Published monthly, it is currently the only scientific journal covering the wide spectrum of earth sciences in Russia. The publication features more than 100 original theoretical and methodological papers and reviews in all fields of geology and geophysics on a yearly basis, including those specially addressed to geological problems of Siberia and Asia as a whole. Special issues are systematically devoted to specific topics and include articles from non-Russian sources.
Professor Nikolai Sobolev of the Institute of Geology and Mineralogy at the Siberian Branch of Russian Academy of Sciences said, "the Siberian earth sciences community respects Elsevier as the leading publishing company and has collaborated with them for many years. This collaboration includes Guest Editorship of Siberian scientists in a number of Special Issues of leading Elsevier journals and the systematic publication of considerable sections of scientific results in a variety of Elsevier journals. The acceptance of a number of papers, mainly from Novosibirsk and Irkutsk institutions, and their subsequent citations, reflect the high scientific level of the results of investigations. Now with our partnership with Elsevier we hope to publish the scientific results across a wide spectrum of earth sciences within the framework of Elsevier journals".

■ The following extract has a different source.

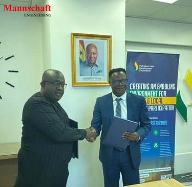 Mannschaft Engineering and Infrastructure Systems Ltd has signed a Memorandum of Understanding with the Petroleum Hub Development Corporation to support the development of Ghana’s Petroleum and Petrochemicals Hub.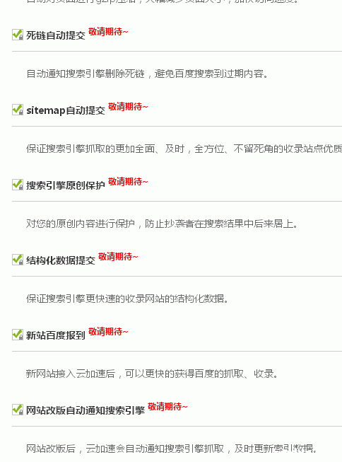 卢松松消息,百度云加速预计要6个功能,每个功能完全抓住屌丝站长心理,从收录、搜索结果展现,很多功能都来自百度站长平台,功能各个都很诱人,两个部门合并了吗?

Elsevier will distribute Russian Geology and Geophysics to an international audience via the market-leading, electronic platform ScienceDirect which currently has access to more than 10 million users worldwide.
Elsevier publisher Friso Veenstra commented that, "the journal will both complement and expand our portfolio in the area of solid-earth sciences. We greatly look forward to our partnership with the Siberian Branch of the Russian Academy of Sciences and to achieving our shared goal of extending the global reach and visibility of Russian Geology and Geophysics."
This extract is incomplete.